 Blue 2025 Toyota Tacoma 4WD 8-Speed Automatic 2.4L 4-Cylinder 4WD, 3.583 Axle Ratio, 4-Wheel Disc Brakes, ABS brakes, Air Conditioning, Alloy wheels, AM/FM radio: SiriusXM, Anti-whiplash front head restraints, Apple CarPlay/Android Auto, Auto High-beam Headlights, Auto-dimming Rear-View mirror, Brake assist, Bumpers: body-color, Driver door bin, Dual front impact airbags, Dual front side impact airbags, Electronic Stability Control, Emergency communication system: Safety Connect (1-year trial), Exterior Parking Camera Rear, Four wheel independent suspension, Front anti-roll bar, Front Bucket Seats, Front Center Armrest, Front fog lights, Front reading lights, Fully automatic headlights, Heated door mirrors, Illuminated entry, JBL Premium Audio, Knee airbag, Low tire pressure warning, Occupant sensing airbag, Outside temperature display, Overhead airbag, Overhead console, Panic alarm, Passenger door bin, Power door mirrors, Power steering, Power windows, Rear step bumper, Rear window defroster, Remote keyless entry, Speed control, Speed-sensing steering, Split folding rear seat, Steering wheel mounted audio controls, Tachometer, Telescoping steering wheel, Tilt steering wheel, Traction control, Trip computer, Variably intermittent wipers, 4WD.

++++

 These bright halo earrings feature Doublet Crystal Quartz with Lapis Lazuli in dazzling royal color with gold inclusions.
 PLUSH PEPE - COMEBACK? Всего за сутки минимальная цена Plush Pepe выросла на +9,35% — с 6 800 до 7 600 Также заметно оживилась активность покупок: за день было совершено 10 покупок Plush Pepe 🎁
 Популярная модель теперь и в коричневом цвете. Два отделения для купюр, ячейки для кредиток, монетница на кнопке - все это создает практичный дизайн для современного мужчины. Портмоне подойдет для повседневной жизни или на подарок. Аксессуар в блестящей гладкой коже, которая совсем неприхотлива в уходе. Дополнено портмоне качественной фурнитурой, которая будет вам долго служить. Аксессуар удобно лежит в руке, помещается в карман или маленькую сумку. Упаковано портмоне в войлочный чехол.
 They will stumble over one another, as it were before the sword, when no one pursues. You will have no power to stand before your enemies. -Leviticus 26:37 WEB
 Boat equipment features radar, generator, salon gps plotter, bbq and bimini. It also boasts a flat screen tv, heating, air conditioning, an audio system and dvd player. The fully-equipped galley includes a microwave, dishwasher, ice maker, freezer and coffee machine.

++++

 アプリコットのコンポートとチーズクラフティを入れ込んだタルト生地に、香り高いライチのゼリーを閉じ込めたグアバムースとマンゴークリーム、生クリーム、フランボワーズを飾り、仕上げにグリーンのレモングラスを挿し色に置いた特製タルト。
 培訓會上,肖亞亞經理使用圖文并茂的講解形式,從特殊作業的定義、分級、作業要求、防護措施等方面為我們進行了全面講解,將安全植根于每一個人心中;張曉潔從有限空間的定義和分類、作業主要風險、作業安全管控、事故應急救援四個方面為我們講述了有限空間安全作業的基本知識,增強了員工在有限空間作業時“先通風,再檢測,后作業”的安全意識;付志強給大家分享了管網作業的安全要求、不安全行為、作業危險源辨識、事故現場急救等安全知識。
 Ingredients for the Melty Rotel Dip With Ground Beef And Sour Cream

++++

**EXERCISE REQUIREMENTS**
Working from the records above, write out verbatim only the lines from the line containing "They will stumble" through the line containing "Boat equipment features".

**RESULT**
 They will stumble over one another, as it were before the sword, when no one pursues. You will have no power to stand before your enemies. -Leviticus 26:37 WEB
 Boat equipment features radar, generator, salon gps plotter, bbq and bimini. It also boasts a flat screen tv, heating, air conditioning, an audio system and dvd player. The fully-equipped galley includes a microwave, dishwasher, ice maker, freezer and coffee machine.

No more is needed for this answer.